A flying squirrel jumped from a tree 11 feet in the air at an initial velocity of 9 feet per second. The equation h= -2t^2+9t+11 models his jump where h is height in feet and t is time in seconds.

A: To find the squirrel's max height, we need to determine the vertex of the parabolic equation h= -2t^2 + 9t + 11. The formula for the x-coordinate of the vertex is given by t = -b/2a. In this case, a = -2 and b = 9, so t = -9 / 2(-2) = -9 / -4 = 2.25 seconds.

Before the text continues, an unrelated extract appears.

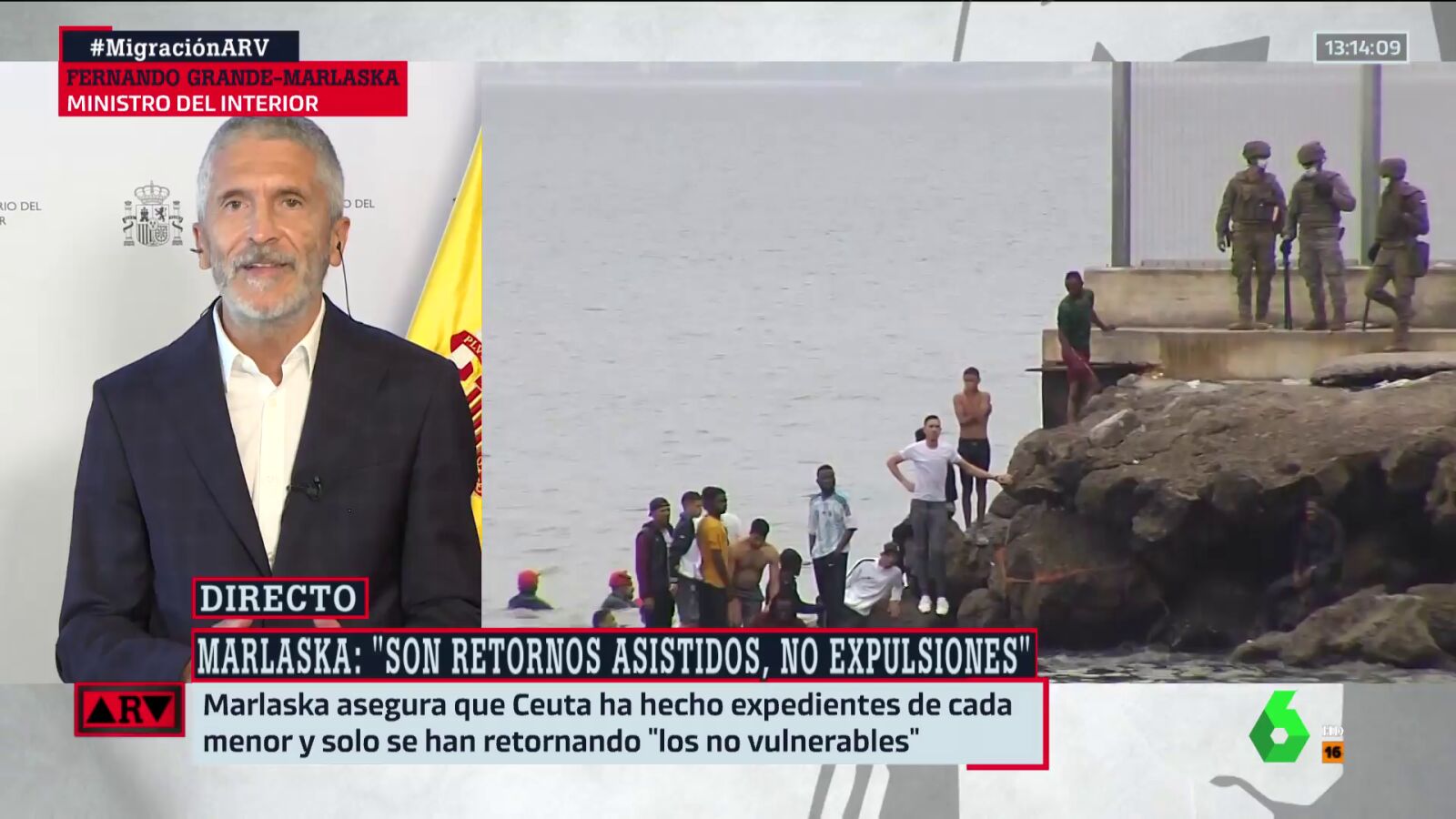 El ministro del Interior, Fernando Grande-Marlaska, analiza durante una entrevista en Al Rojo Vivo de La Sexta las críticas que ha recibido tras las devoluciones de los menores de Ceuta a Marruecos. Además, también ha explicado el plan de evacuación de Afganistán.

To find the max height, substitute t = 2.25 into the equation h= -2t^2+9t+11:
h = -2(2.25)^2 + 9(2.25) + 11
h = -2(5.0625) + 20.25 + 11
h = -10.125 + 20.25 + 11
h = 21.125 feet

Therefore, the squirrel's max height was 21.125 feet.

B: The squirrel reaches this max height at t = 2.25 seconds.

C: To find when the squirrel reaches the ground, we need to set h = 0 and solve for t in the equation h= -2t^2+9t+11:
0 = -2t^2 + 9t + 11
Rearranging:
2t^2 - 9t - 11 = 0

Using the quadratic formula t= (-(-9) +/- sqrt((-9)^2 - 4(2)(-11))) / 2(2):
t = (9 +/- sqrt(81 + 88)) / 4
t = (9 +/- sqrt(169)) / 4
t = (9 +/- 13) / 4

There are two possible solutions:
1) t = (9 + 13) / 4 = 5.5 seconds
2) t = (9 - 13) / 4 = -1 second

Since time cannot be negative, the squirrel reaches the ground at 5.5 seconds after jumping from the tree.